Task instructions:
All that is needed is an exact copy of the lines from the beginning of the data below through the line containing "Женская базовая однотонная", minus the pictures.

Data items

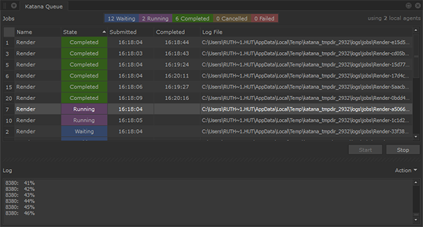 Render jobs are displayed in the Katana Queue tab.
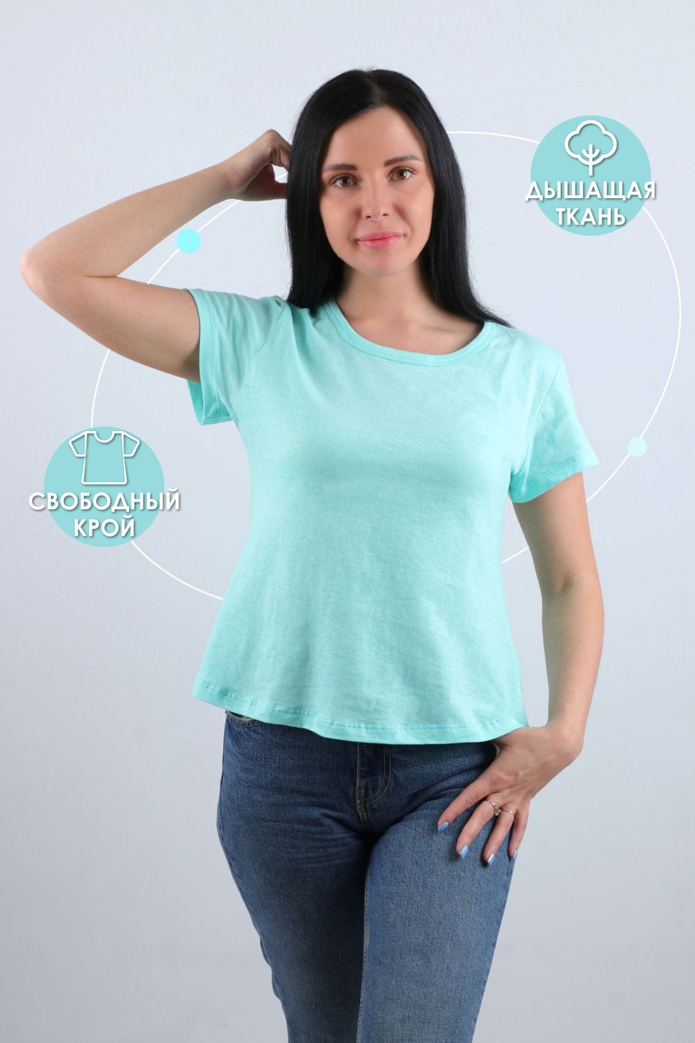 Женская базовая однотонная футболка из 100% натурального хлопка. Универсальная модель свободного покроя с короткими рукавами и округлым вырезом горловины прекрасно смотрится с джинсами, брюками и юбкой, ее можно надеть в офис под кардиган или пиджак.
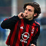 ![]() この移籍は、しかし、 アンドレアにとってはラッキーでした。 ACミランでの彼は、 まるで生まれ変わったように伸びました。 ACミランの赤黒のシャツを着て アンドレア・ピルロは成熟していきました。 彼のプレイは洗練され、 男としても成長しました。 世界中のテレビが彼をインタビューに来るのですが、 彼はもうデビュー当時の内気な少年ではありません。 ビッグな選手だけの持つ堂々たる態度で、 彼はカメラを上から下まで見つめます。 すこしだけ優越感やうぬぼれが垣間見えるのも、 ビッグになった証拠、ですねえ! ![]() ACミランは昨年のUEFAチャンピオンズ・リーグの ヨーロッパチャンピオンですから、 アンドレアもチャンピオンの一員になりました。 そして今から数週間後に終る 今年のセリエAにおいては、 彼の所属するACミランが イタリアのチャンピオンタイトルを勝ち取るでしょう。
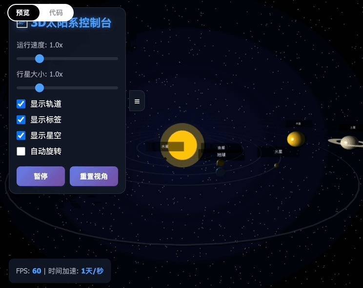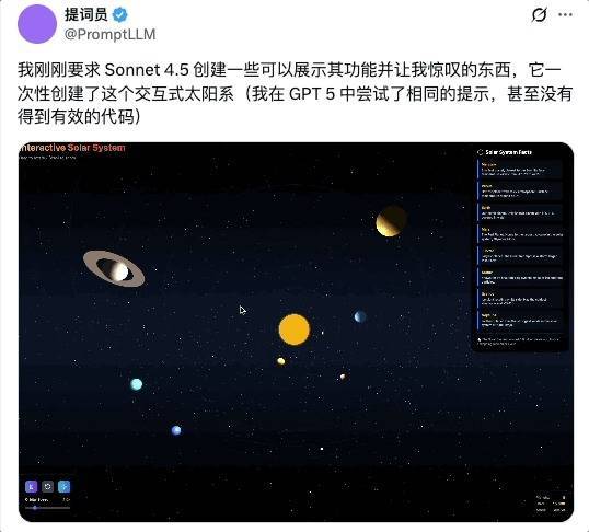 GLM-4.6与本日最新发布Claude Sonnet 4.5比较如何呢?如下图所示,这是X平台用户“教唆词”展示的一个让他“咋舌”的例子——一次性创建交互式太阳系。这位用户称,在GPT-5尝试接洽的教唆莫得获得灵验代码,GLM-4.6是否能胜任?
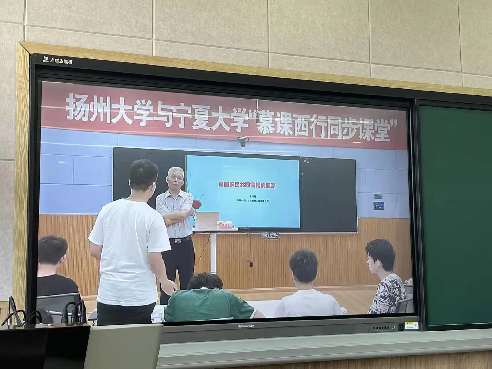 6月16日上午,污污漫画 与扬州大学慕课西行—同步课堂启动仪式与同步课堂教学活动在污污漫画 贺兰山校区兰山一教C-202教室顺利开展。一块屏幕连通东西,两校学生共同展望,本次课堂借助智慧树在线平台及硬件设备,实现两校师生隔空互动、两校课堂同步进行。
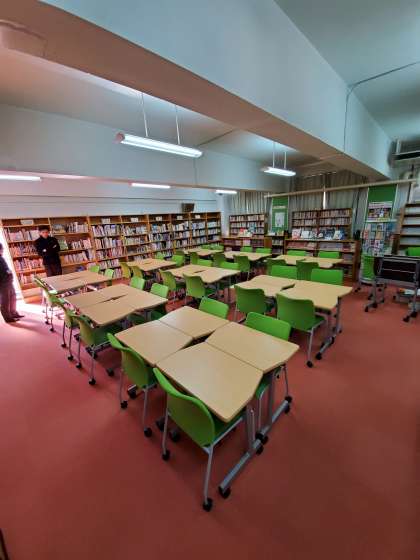 これまでは、大きな机でしたが、個別の机、椅子で、机は台形なので、いろいろなレイアウトができます。
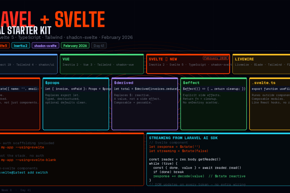 The Laravel Svelte starter kit is the missing piece for a non-trivial portion of the developer community. Svelte 5’s runes make it genuinely more ergonomic than it was in Svelte 4 — the composable .svelte.ts modules in particular bring the “extract to a hook” pattern that React developers rely on into the Svelte world, without the restrictions.
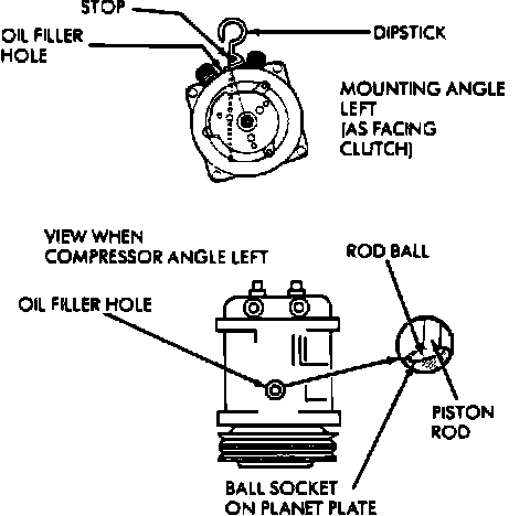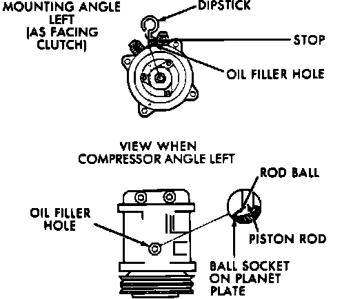 5. On models with SD 508 compressor, look through oil filler plug hole and rotate clutch front plate to position internal parts.
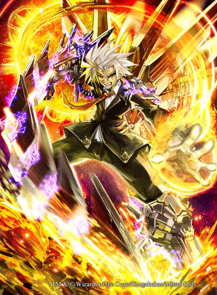 However, in the background story, he was originally an Oracle creature who betrayed them because he wasn't satisfied with the Oracle's strict rules and stagnant behavior, as well as Zorro Star's cruel antics, so he became an Outrage against them. He was friends with Crossfire, Millionaire and Alice, Codebreaker and opposed the outrages, and even became an Exile Creature himself. He also saved Bruce, Dead or Alive from Ultra Knight Punk, Shentury and this had Bruce revive Crossfire as gratitude. However, when "Mastermind" awakened, he was killed instantly along with Crossfire and Alice.

Answer section:
 Render jobs are displayed in the Katana Queue tab.
 Женская базовая однотонная футболка из 100% натурального хлопка. Универсальная модель свободного покроя с короткими рукавами и округлым вырезом горловины прекрасно смотрится с джинсами, брюками и юбкой, ее можно надеть в офис под кардиган или пиджак.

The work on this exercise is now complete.